Top of Dataset records

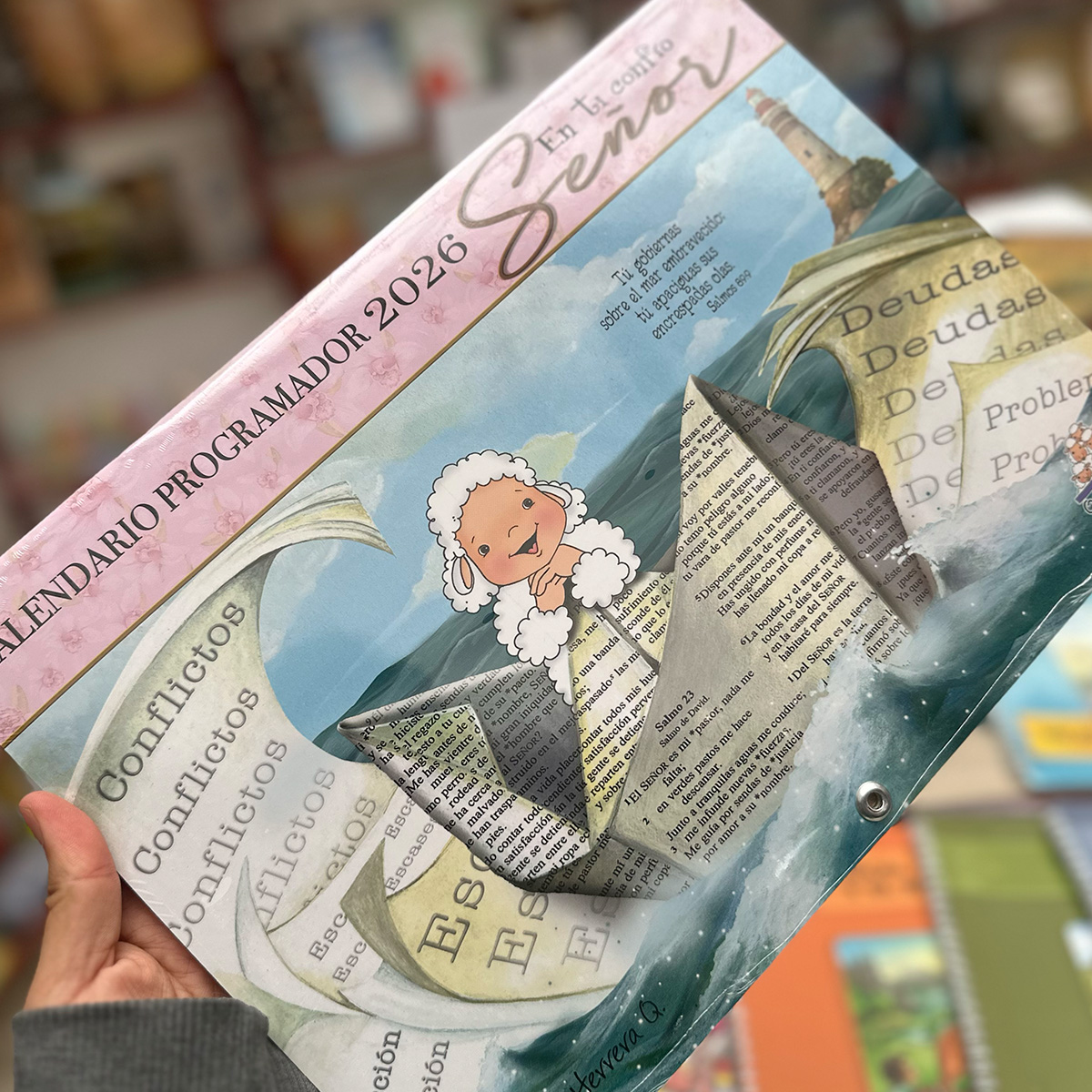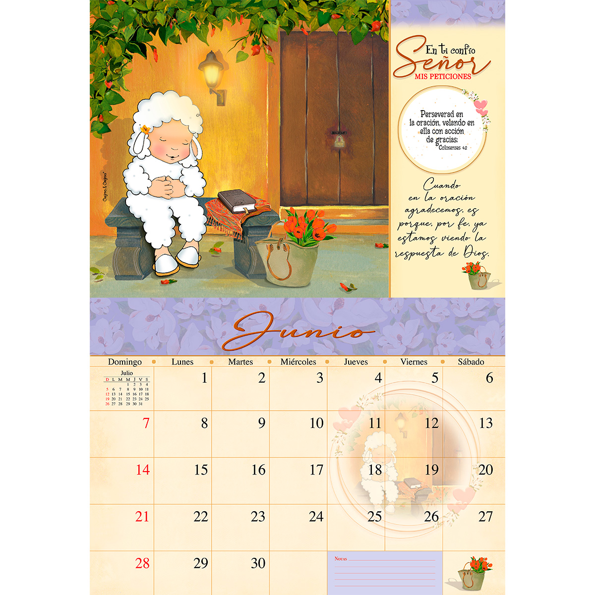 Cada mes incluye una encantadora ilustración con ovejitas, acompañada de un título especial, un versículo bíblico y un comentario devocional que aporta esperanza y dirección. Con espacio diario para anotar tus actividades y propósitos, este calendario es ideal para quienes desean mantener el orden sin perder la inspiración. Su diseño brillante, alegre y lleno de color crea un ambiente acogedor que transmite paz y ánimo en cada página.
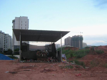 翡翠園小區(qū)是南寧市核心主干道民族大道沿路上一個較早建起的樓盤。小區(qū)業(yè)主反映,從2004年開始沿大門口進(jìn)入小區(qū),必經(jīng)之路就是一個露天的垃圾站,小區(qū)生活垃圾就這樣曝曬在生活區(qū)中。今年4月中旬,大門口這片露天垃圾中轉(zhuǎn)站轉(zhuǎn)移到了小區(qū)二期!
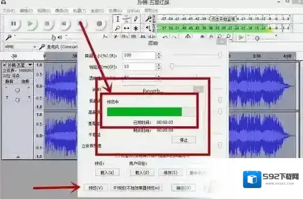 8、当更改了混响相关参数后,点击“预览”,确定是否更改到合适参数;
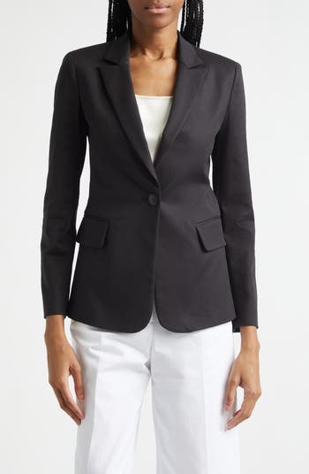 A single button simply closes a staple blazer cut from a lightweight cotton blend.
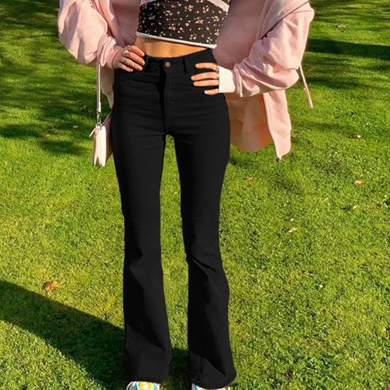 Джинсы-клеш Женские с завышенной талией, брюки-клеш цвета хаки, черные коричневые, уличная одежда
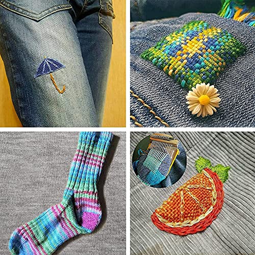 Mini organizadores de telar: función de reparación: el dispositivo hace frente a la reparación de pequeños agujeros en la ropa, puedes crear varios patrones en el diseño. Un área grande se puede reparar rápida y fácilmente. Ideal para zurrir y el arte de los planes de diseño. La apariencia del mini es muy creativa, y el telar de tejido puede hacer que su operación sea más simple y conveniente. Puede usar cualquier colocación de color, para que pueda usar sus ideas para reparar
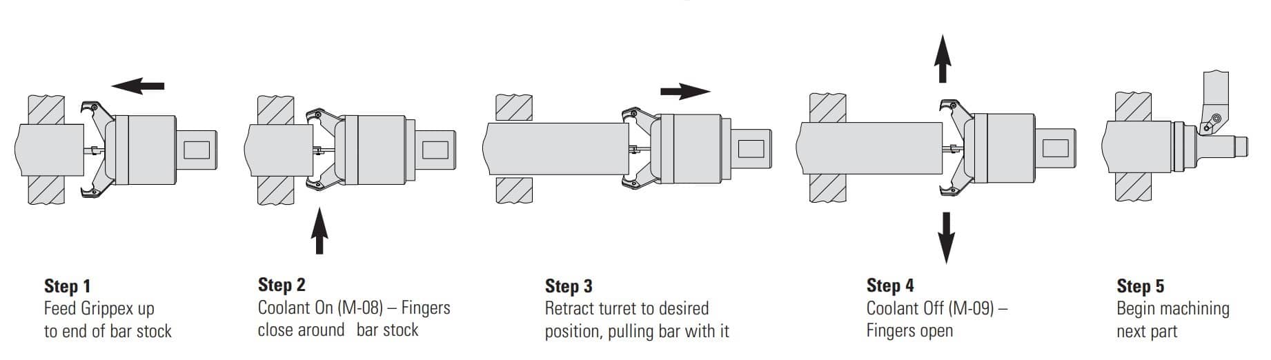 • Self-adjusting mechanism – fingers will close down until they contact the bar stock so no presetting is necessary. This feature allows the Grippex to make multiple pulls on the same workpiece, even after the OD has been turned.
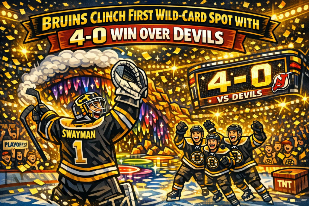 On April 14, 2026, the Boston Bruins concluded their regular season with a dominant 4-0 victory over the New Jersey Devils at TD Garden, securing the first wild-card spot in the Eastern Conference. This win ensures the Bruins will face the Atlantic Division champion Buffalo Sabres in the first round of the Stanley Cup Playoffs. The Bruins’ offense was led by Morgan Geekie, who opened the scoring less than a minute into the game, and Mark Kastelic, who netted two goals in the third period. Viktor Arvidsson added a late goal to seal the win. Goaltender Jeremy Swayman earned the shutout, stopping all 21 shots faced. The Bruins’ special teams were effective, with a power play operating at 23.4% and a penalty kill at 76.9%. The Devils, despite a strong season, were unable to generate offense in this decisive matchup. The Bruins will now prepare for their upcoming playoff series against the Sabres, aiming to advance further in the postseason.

Bottom of Dataset records

The line with "Джинсы-клеш Женские с" marks the end: restate word for word every line from the top of the data through that one, omitting pictures.

 Cada mes incluye una encantadora ilustración con ovejitas, acompañada de un título especial, un versículo bíblico y un comentario devocional que aporta esperanza y dirección. Con espacio diario para anotar tus actividades y propósitos, este calendario es ideal para quienes desean mantener el orden sin perder la inspiración. Su diseño brillante, alegre y lleno de color crea un ambiente acogedor que transmite paz y ánimo en cada página.
 翡翠園小區(qū)是南寧市核心主干道民族大道沿路上一個較早建起的樓盤。小區(qū)業(yè)主反映,從2004年開始沿大門口進(jìn)入小區(qū),必經(jīng)之路就是一個露天的垃圾站,小區(qū)生活垃圾就這樣曝曬在生活區(qū)中。今年4月中旬,大門口這片露天垃圾中轉(zhuǎn)站轉(zhuǎn)移到了小區(qū)二期!
 8、当更改了混响相关参数后,点击“预览”,确定是否更改到合适参数;
 A single button simply closes a staple blazer cut from a lightweight cotton blend.
 Джинсы-клеш Женские с завышенной талией, брюки-клеш цвета хаки, черные коричневые, уличная одежда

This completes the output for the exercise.